On Tuesday (October 18), the international gold price of rose slightly. After the domestic gold price fell across the board yesterday, the gold prices in some gold stores began to rise slightly today, and half of the gold stores remained unchanged. Except for Lao Fengxiang and Zhou Dasheng gold, the gold price remained below 500 yuan per gram. This is the gold price announced by the official website of the gold shop today. It is for reference only:
Gold store quote | Today's gold price | Unit | Change range | rise and fall | ||||
Laomiao Gold price | 496 | yuan/gram | 1 | 1 | rise | |||
6fung Gold price | 497 | yuan/g | 0 | flat | ||||
Zhou Dafu gold price | 499 | yuan/g | 2 | rise | ||||
Saturday blessed gold price | 498 | yuan/gram | 0 | 0 | flat | |||
gold supreme gold price | 497 | yuan/g | 0 | flat | ||||
Lao Fengxiang gold price | 502 | yuan/g | 0 | flat | html ml11 | |||
Thao Acer Gold price | 499 | yuan/g | 2 | 2 | rise | |||
weekly Shengsheng Gold price | 496 0 | yuan/g | 2 | 0 rise | ||||
vegetable 10 gold price | 489 | yuan/g | 0 | 0 | flat | |||
weekly dasheng gold price | 508 | yuan/g | 0 | 0 | flat |
Beijing time 15:18, spot gold rose 0.18% to 1653.07 USD/oz; USD index fell 0.04% to 112.052. Stephen Innes, managing partner of
SPI Asset Management, said that Federal tough remarks are still affecting gold. "We need to see a sharp decline in (USD) to generate a huge motivation to drive gold higher." The latest data from
CME Group showed that the open contracts in overnight COMEX gold futures market decreased by about 4,200 lots, ending the previous three consecutive days of increase; trading volume decreased for two consecutive trading days, with a drop of about 43,400 lots. Open contracts and trading volume decreased, gold prices gave up most of the rise in the day, and short-term prices were expected to turn down at any time.

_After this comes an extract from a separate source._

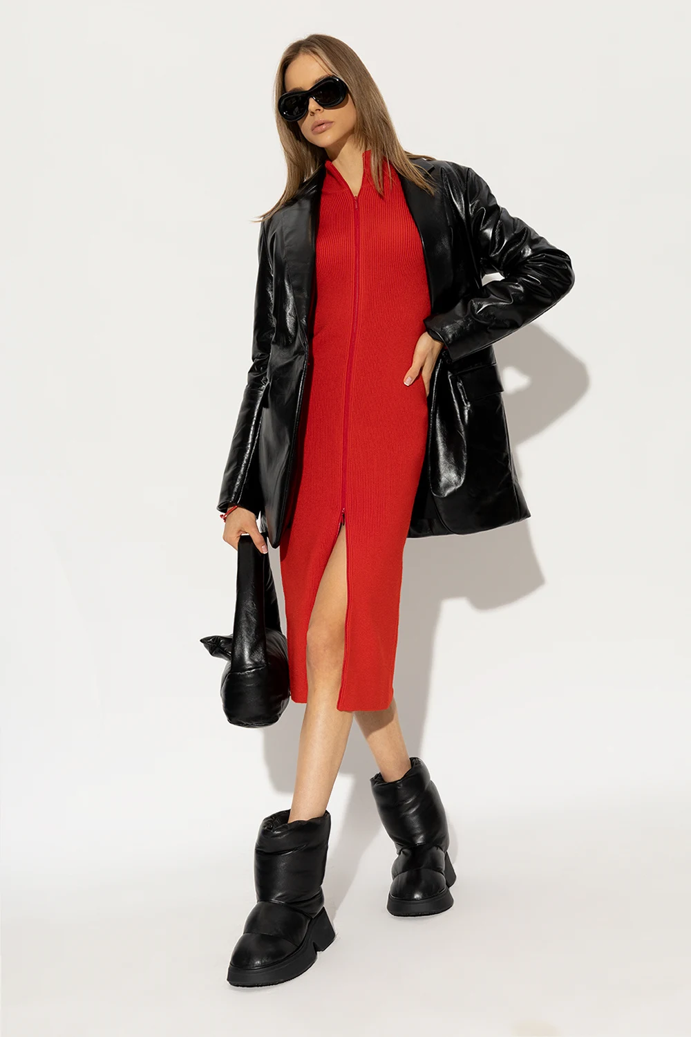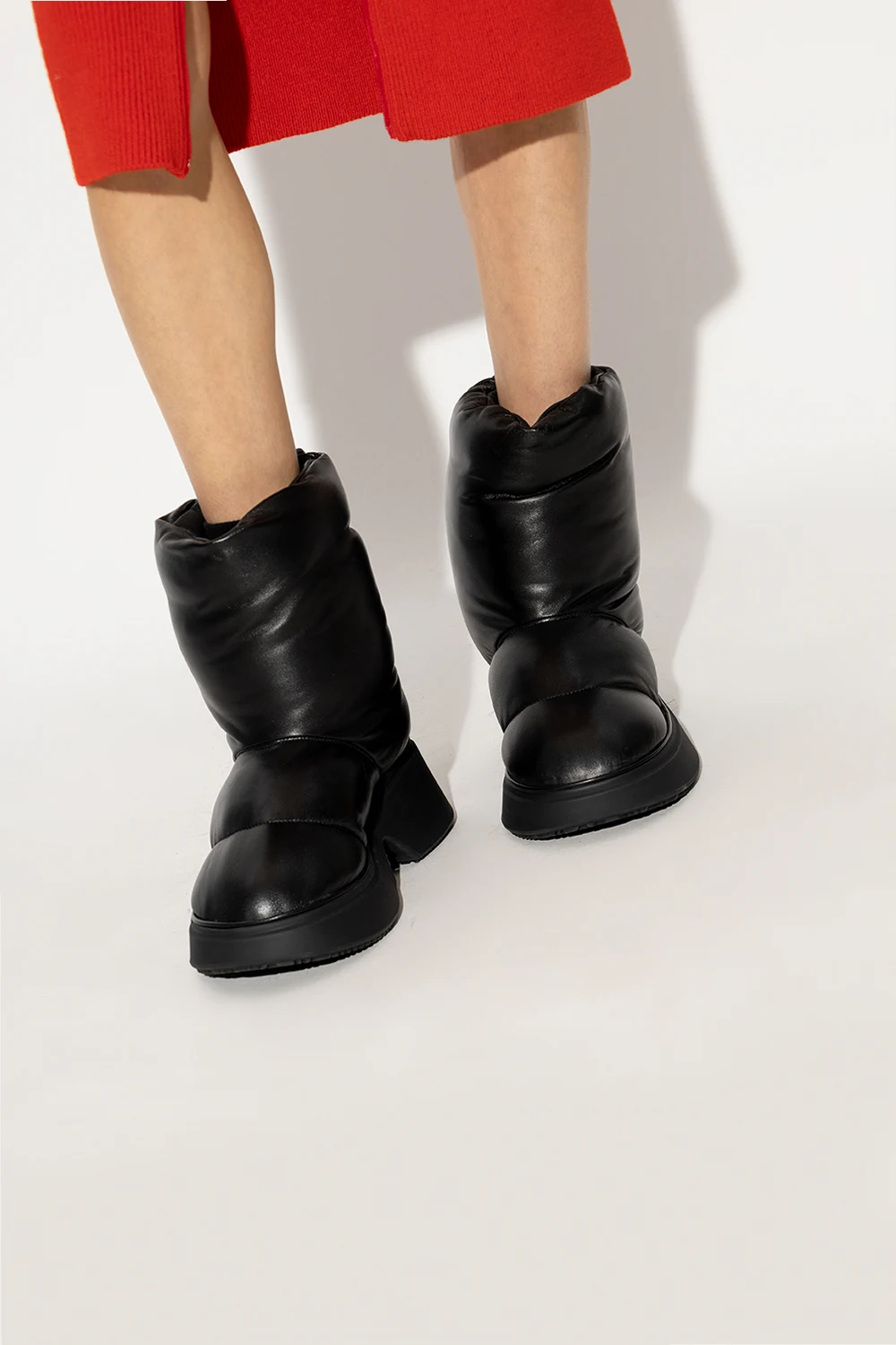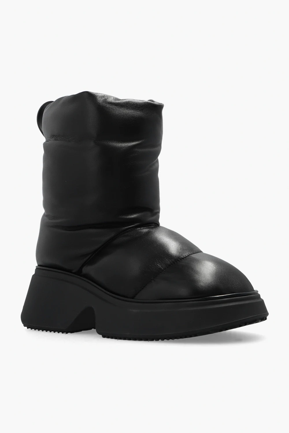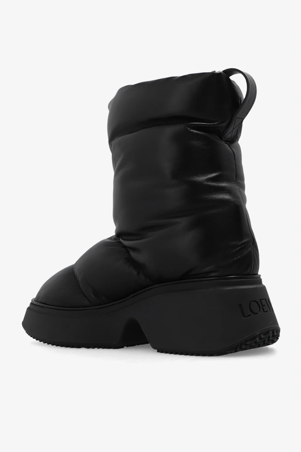 Czarne, pikowane buty za kostkę Loewe. Wykonane z jagnięcej skóry. Z tyłu uchwyt ozdobiony wtłoczonym logo. Czarna, gumowa podeszwa.

Fed officials acknowledged that the initial rate hike of was too slow to catch up in recent months as the economy rebounded from the pandemic-induced downturn. However, inflation pressure still has no turning point. Despite the drop in energy prices in September, rents rose and services prices rose particularly fast, suggesting inflation could drive wages higher.
Gold may restart its decline at any time as the Federal Reserve hawk bets soar. According to the latest data from the CME Group's "Feder Watch" tool, the probability of the Fed raising interest rates for the fourth consecutive time in November is 96.5%.
Societe Generale is pessimistic about gold's movement over a longer period of time: "In the past, we have observed that gold seems to be closely related to three factors - US real interest rates, US dollar and ETF capital flows. However, gold prices are still quite high compared to the theoretical value generated by our model. If real interest rates remain high for the foreseeable future, then one of the assets most likely to face pressure is gold.”
It is easy to think that since the Fed was lagging behind the curve at first, it should now surprise investors in another direction: Announce unexpected radical tightening policies, guiding the market for inflation expectations quickly declined, and lower policy interest rates in due course after completing the task. The problem with
is that this approach is almost certain to have a hard landing in the economy. Worse, any economy encounters such setbacks can be very bad. The Fed needs to worry about the vulnerability that has not yet been expected in the financial system, which has become accustomed to almost zero credit costs year after year.
gold prices maintain a rebound momentum above the $1,650 mark, but gold prices may remain within a certain range until buyers regain the $1,670 mark. The weakening of the dollar continues to support gold prices.